Banque Misr and the NBE, Egypt’s biggest state-owned banks, as well as Banque du Caire, have announced that they will stop on Tuesday issuing the 25 percent annual yield CDs, which are also available with a monthly yield of 22.5 percent, less than a month after their issuance.
Meanwhile, Banque du Caire will continue to offer its Primo Gold Certificates of Deposit at an annual yield of 17.25 percent, a quarterly yield of 16.25 percent, and a monthly yield of 16 percent, the bank said on Monday.
The move to issue the new CDs aimed to tackle inflation and attract foreign exchange as the country has been hit by the ongoing global economic crisis sparked by the war in Ukraine.
The NBE and Banque Misr started issuing the certificates a few days before the Central Bank of Egypt (CBE) depreciated the local currency on 11 January for the third time in a year, which has sent the Egyptian pound to its lowest level on record against the US dollar. This is the highest return on saving certificates in Egypt.
In statements to Al-Hekayah TV programme on MBC Masr on Sunday, El-Etreby said the dollar-denominated resources have witnessed some improvement recently thanks to international institutions' confidence in the Egyptian economy.

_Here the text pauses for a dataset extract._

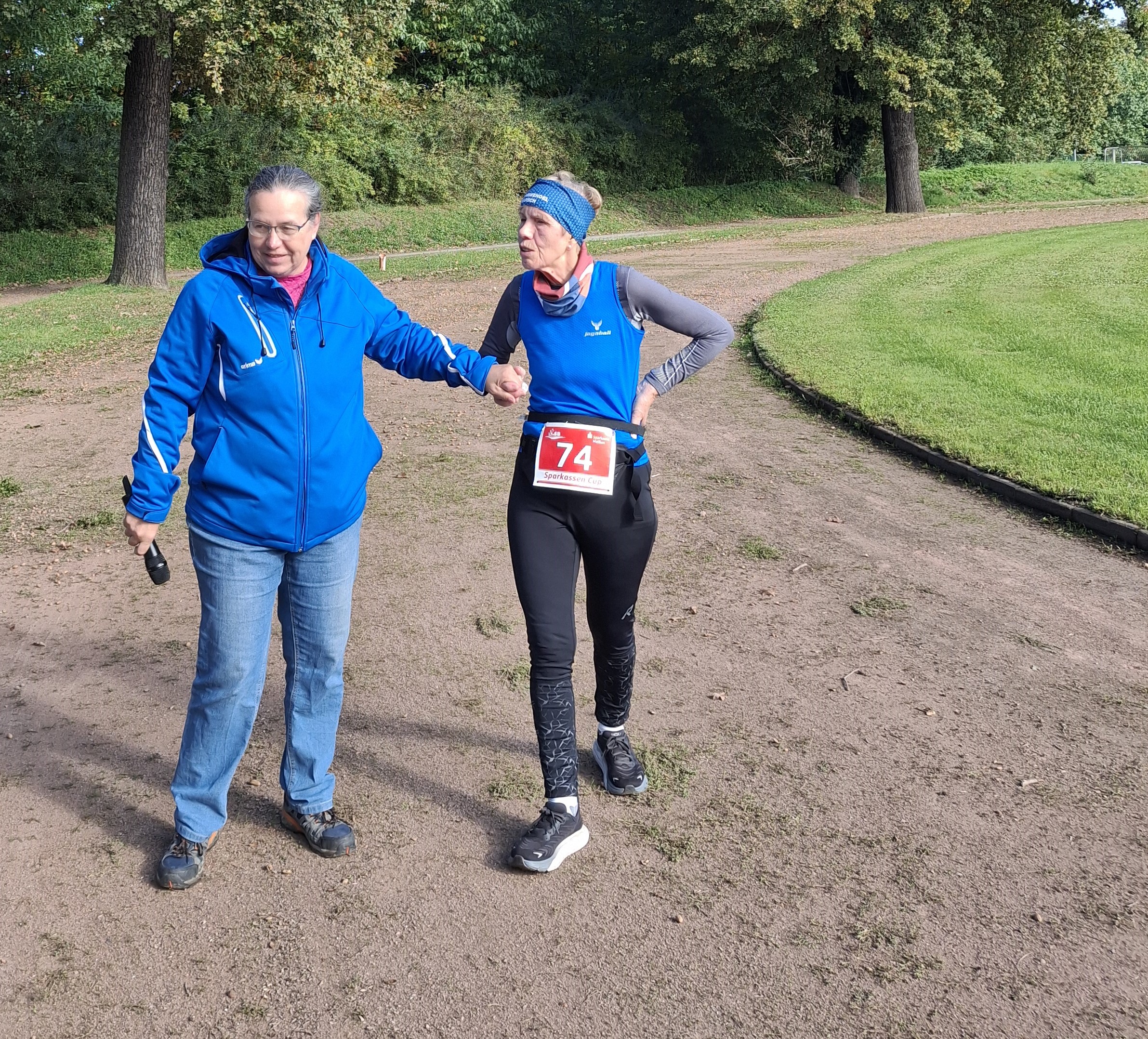 Es waren auch zwei Nordic Walker unterwegs. Einer davon war unser Altmeister und mehrmaliger Weltmeister, Armin Zosel. 7 Läuferinnen und Läufer unseres Vereines hatten sich in die Startlisten eingetragen. Über die 2,1 km stand, im Starterfeld von 28 Teilnehmern, unser Vereinsmitglied, Katharina Wirker. Sie kam als Sechste ins Ziel und belegte in ihrer Altersklasse Platz 3. Auf der 5,7 km Strecke vertraten Leni Strebe und Elvira Lindner unseren Verein. Leni war im Feld von 46 Teilnehmern 14. und in ihrer Altersklasse Zweite. Ebenfalls Zweite in ihrer Altersklasse wurde Elvira.

Many individuals have sold US dollars for Egyptian pounds and bought CDs in local currency over the past month, which reflects the narrowing gap between official and parallel markets, El-Etreby noted.
Over the past year, Egypt has taken multiple measures to battle rising inflation and a shortage in foreign currency sparked by the global economic crisis.
The CBE is set to hold the first monetary policy meeting this year on Thursday with expectations that it will raise its overnight interest rates in the face of inflation.
In December, the Monetary Policy Committee (MPC) of the Central Bank of Egypt (CBE) raised the interest rates by 3 percent (300 bps) for the fourth time since the start of the Russia-Ukraine war in February 2022.